Howl's Moving Castle
The two films have a striking number of parallels. Both feature young heroines who become entangled in magical worlds as the result of enchantments, who unravel the past of mysterious magical benefactors and liberate them by helping them find their true selves. But Castle is more grown up, a little darker and scarier than Spirited Away, but also with more complexity in the characters and the plot.
It is, more than anything, a story about transformations: every single character undergoes a physical as well as metaphorical reshaping. Sophie, a young woman cursed by the jealous Witch of the Waste, is turned into an old woman, and goes on a quest to reclaim her youth. Howl, a perpetual adolescent of a wizard, transforms into a giant bird in his efforts to avert a war, and struggles to regain his full humanity. Enemies turn into friends, friends into enemies, minor players become major players . . . and all their stories are linked together in a beautiful synchronicity.
The movie has some funny moments that struck me as very Buffy-esque in their mash-up of the fantastic and the all-to-human. In one scene, Howl reads a curse that has magically appeared during breakfast: "That is ancient sorcery, and quite powerful too. 'You who swallowed a falling star, o' heartless man, your heart shall soon be mine,' " Howl recites seriously. Then, after a beat: "That can't be good for the table." Or, when the enchanted fire Calcifer (voiced by Billy Crystal) is asked to cook breakfast: "No! I don't cook!

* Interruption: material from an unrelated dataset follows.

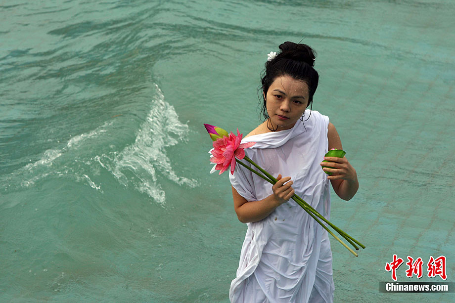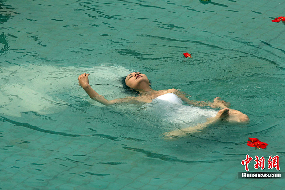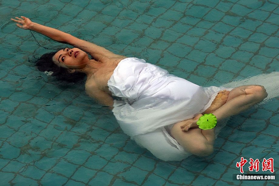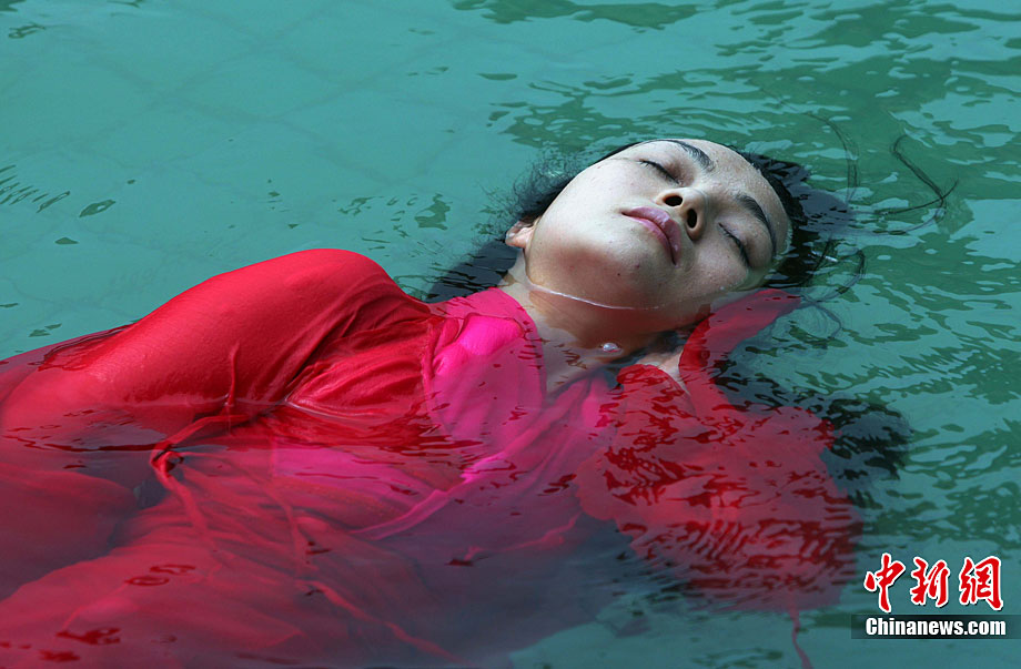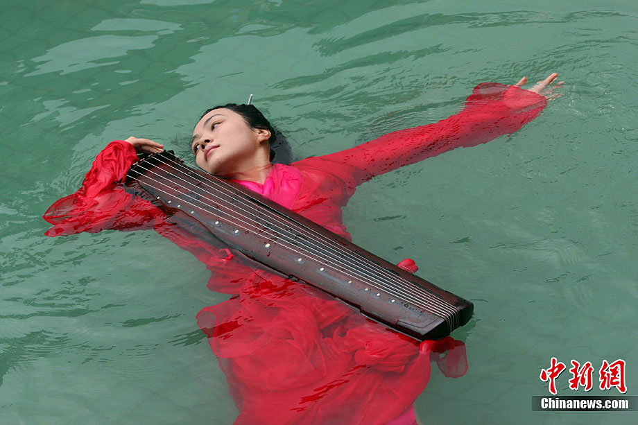 9月11日,漂浮于水上時而禪坐、時而圍繞水中漂浮的古琴緩緩起舞,伴著古琴樂,池水不時變換出各種造型的“水墨畫”,一種前沿新藝術(shù)形式在湖北咸寧太乙洞溫泉上演。原創(chuàng)及表演者彭子軒,提出藝術(shù)養(yǎng)生的理念,并獨創(chuàng)以子軒內(nèi)練為基礎的藝術(shù)漂。ò囆g(shù)漂浮舞蹈及藝術(shù)漂浮瑜伽),被譽為中國古典花樣游泳。毛建軍 攝

I am very powerful and scary fire demon!" Or when ominous shadows gather around a despondant Howl, his apprentice Markl says, "He's summoning the spirits of darkness . . . I saw him do this once before, after a girl dumped him."

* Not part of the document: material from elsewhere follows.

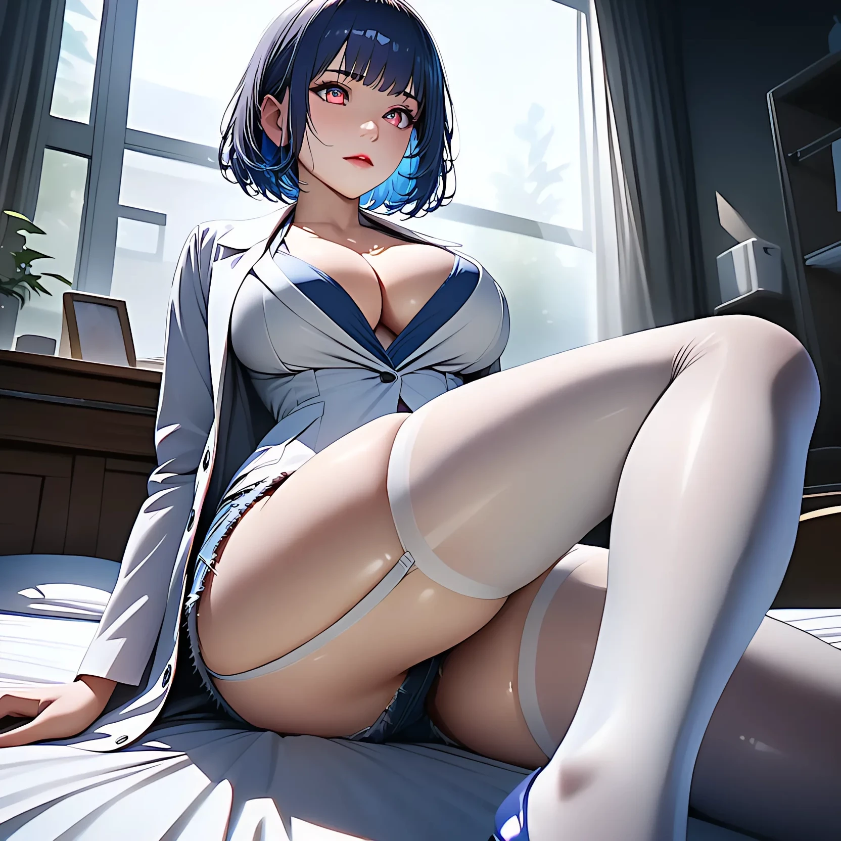 You noticed a woman lying on the big bed, her short blue hair style made people feel a capable atmosphere, a delicate face like a doll, and her eyes seemed to sense your arrival, and her intellectual eyes opened.

I could (and probably will) write a full-length essay giving a Jungean spiritual analysis of Howl's Moving Castle. Some college senior taking a graduate seminar in film studies will probably thank me for writing his term paper. Or maybe not . . . I found it interesting (and a little sad) that most of the links that I googled up on "Howl's Moving Castle analysis" were ads for term paper services. But among mountains of online reviews (many mixed in their reactions), only one pointed out that the heroine's name was Sophia, literally "wisdom", and saw it as a pointer to a larger allegory. In dream analysis a house is a standard symbol for the self, and moving castle of the title undergoes a continual transformation through the story, reflecting the wizard's own internal evolution.